Before ending up as holiday centerpieces, these gentle, intelligent birds spend five to six months on factory farms where thousands of them are packed into dark sheds with no more than 3.5 square feet of space per bird. Turkeys on factory farms are denied everything that is natural to them, such as foraging for food, dustbathing, and raising their young.
To keep the overcrowded birds from scratching and pecking each other to death, workers cut off portions of the birds’ toes and upper beaks with hot blades and de-snood the males (the snood is the flap of skin that runs from the beak to the chest).
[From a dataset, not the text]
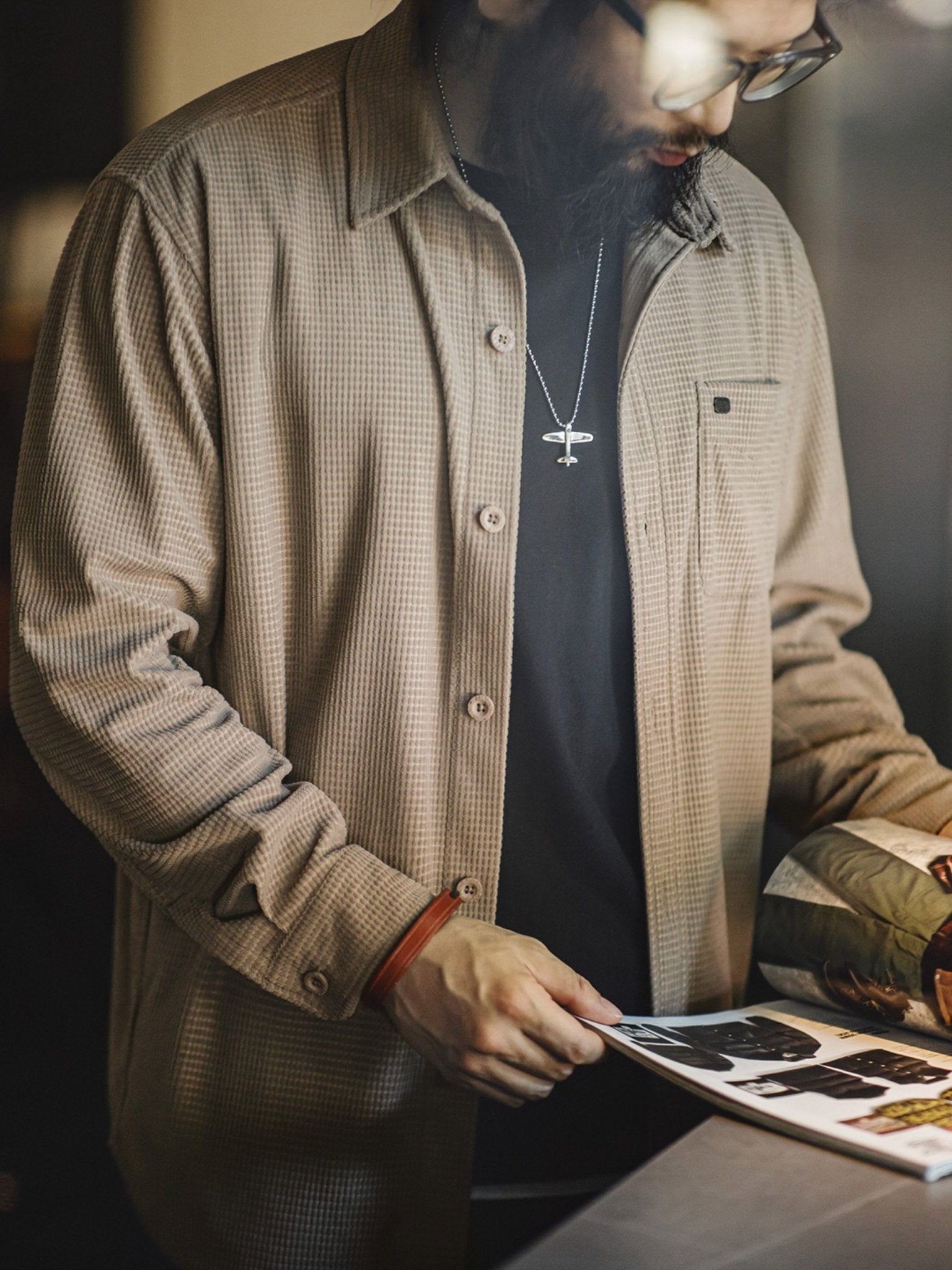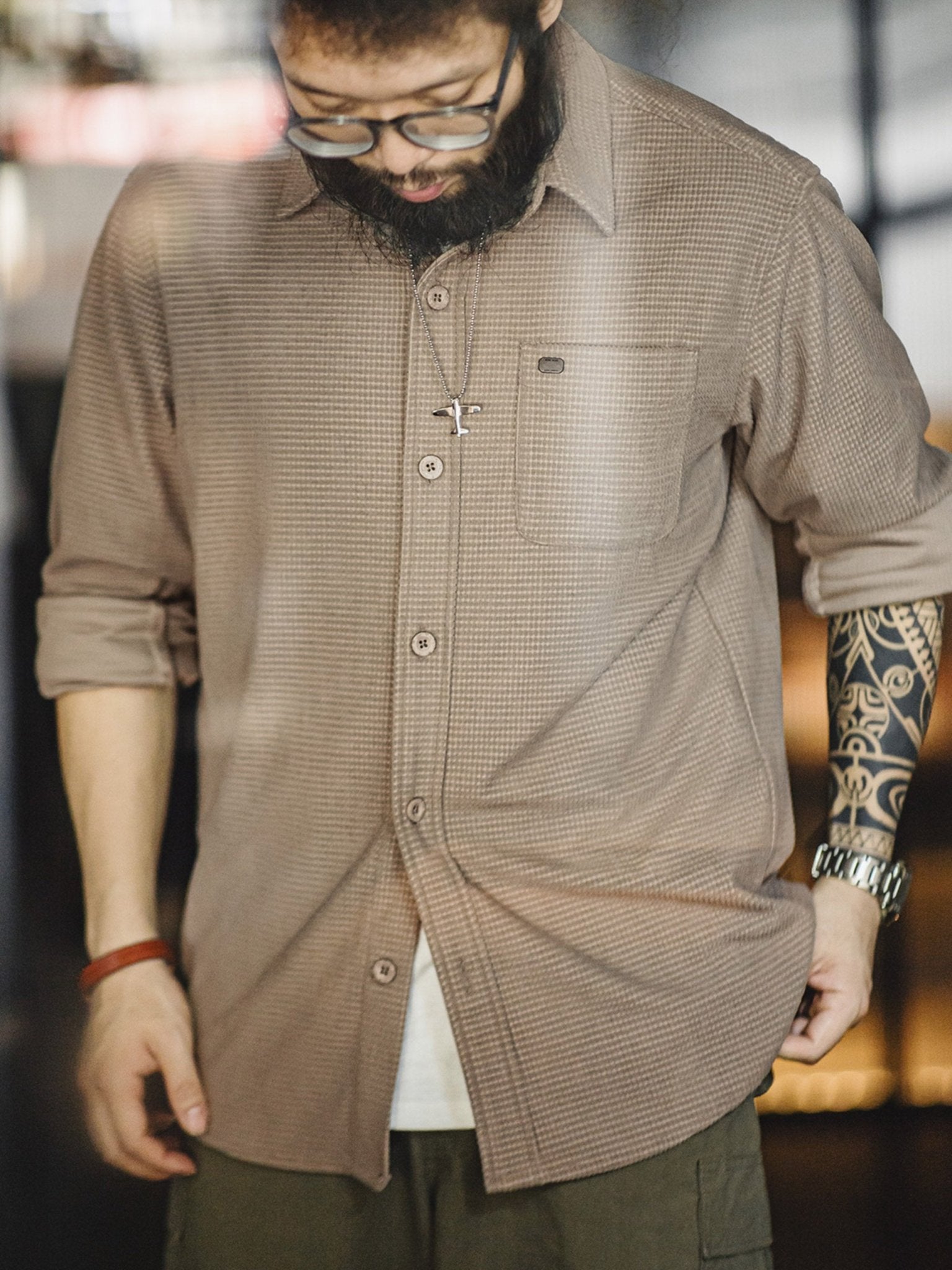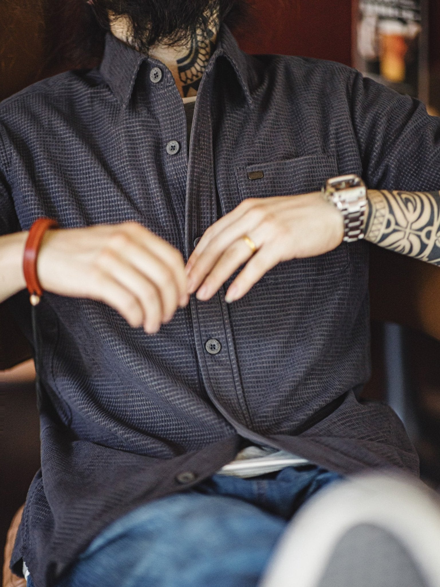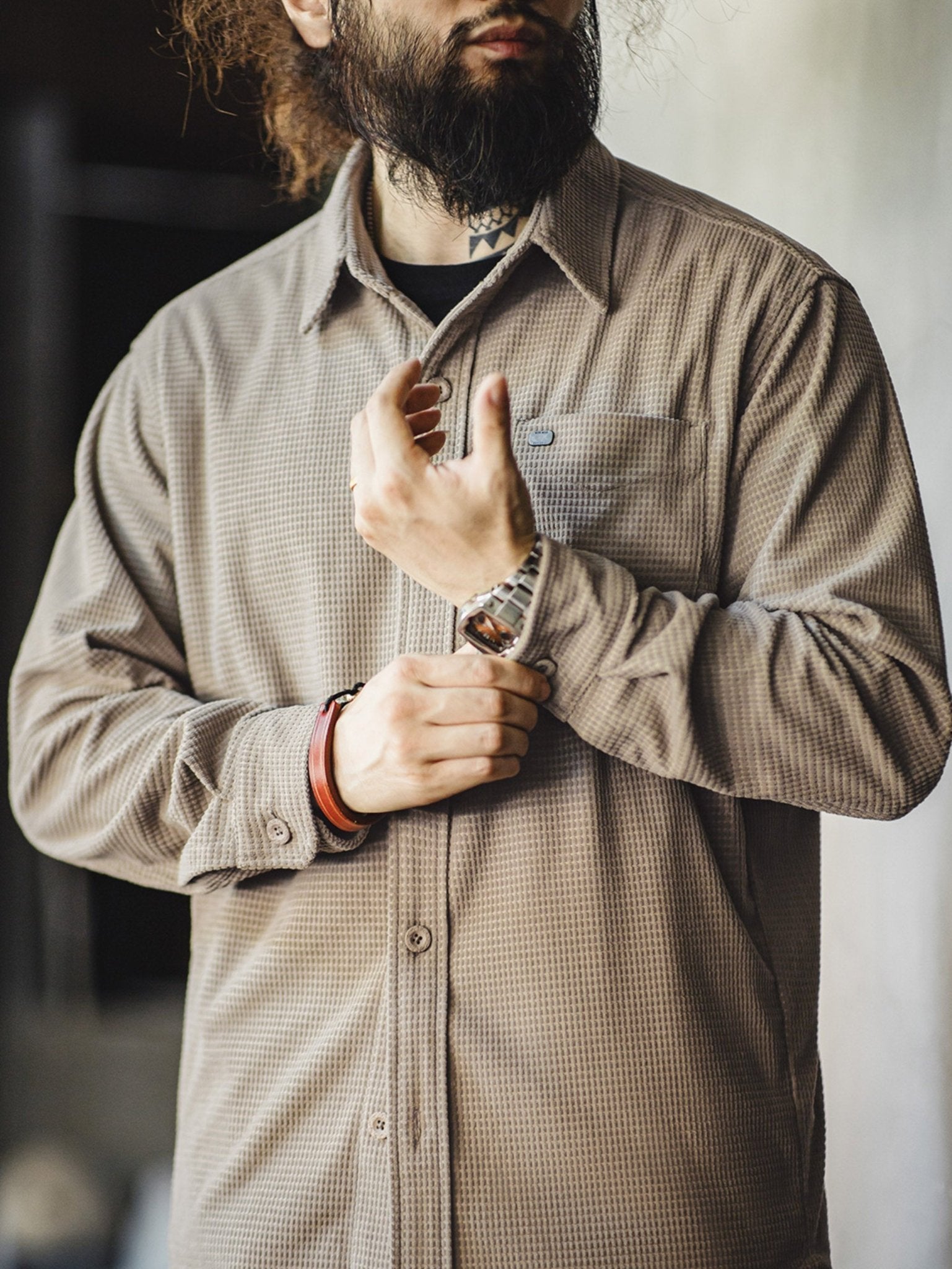 このシャツは、小さなブロック状の生地を使用し、3D効果を持たせています。多次元の編み込み技術によって規則正しい凹凸感とふわふわの質感が生まれ、そのディテールにはレトロな金属のポケットラベルがあります。さらに、ボタンのテクスチャも異なり、細部にこだわりが感じられ、ファッションと品位を引き立てています。

No pain relievers are used during any of these procedures.
Turkeys are genetically bred to grow as fast as possible, and they often become crippled under their own weight. A PETA investigator videotaped one turkey farmer beating sick and injured birds to death with a pole, a killing method deemed “standard industry practice.”
Turkeys won’t breathe fresh air or feel the sun on their backs until they’re shoved onto trucks bound for slaughter. They are transported for hours without food or water through all weather extremes—and many will die on this nightmarish journey.
At the slaughterhouse, the survivors are hung upside-down by their weak and crippled legs before their heads are dragged through an electrified “stunning tank,” which immobilizes but does not kill them. Many birds dodge the tank and are still fully conscious when their throats are slit. If the knife fails to properly cut the birds’ throats, they are scalded alive in the tank of boiling water used for feather removal.